**Exercise data:**
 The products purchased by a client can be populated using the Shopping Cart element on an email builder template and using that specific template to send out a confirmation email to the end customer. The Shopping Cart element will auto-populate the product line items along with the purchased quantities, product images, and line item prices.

...

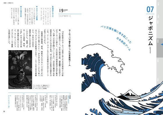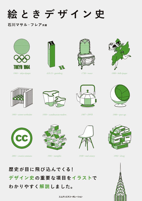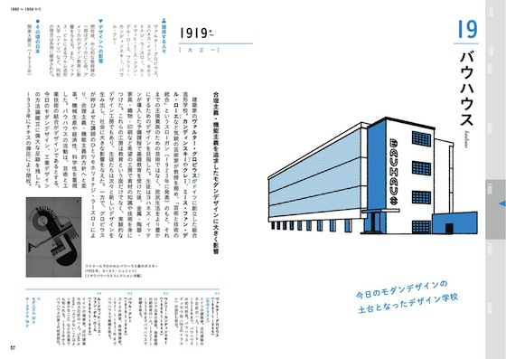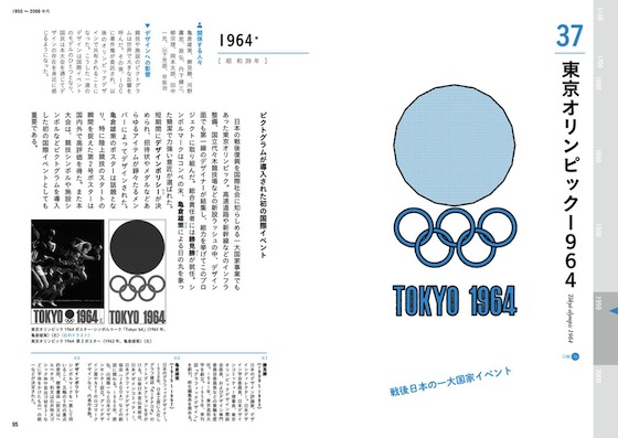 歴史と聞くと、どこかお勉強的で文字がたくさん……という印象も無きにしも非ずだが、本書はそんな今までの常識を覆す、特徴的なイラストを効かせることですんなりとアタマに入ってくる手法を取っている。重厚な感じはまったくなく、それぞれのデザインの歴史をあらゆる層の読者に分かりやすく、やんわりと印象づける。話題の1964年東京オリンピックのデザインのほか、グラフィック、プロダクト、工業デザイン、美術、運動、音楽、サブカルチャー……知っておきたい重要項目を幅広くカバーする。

* * *

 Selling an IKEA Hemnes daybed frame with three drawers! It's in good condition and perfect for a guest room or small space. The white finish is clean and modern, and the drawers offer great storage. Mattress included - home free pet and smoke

**What to produce:** From the material above, gather all lines that include the string "with" and copy them.

**Reply:**
 The products purchased by a client can be populated using the Shopping Cart element on an email builder template and using that specific template to send out a confirmation email to the end customer. The Shopping Cart element will auto-populate the product line items along with the purchased quantities, product images, and line item prices.
 Selling an IKEA Hemnes daybed frame with three drawers! It's in good condition and perfect for a guest room or small space. The white finish is clean and modern, and the drawers offer great storage. Mattress included - home free pet and smoke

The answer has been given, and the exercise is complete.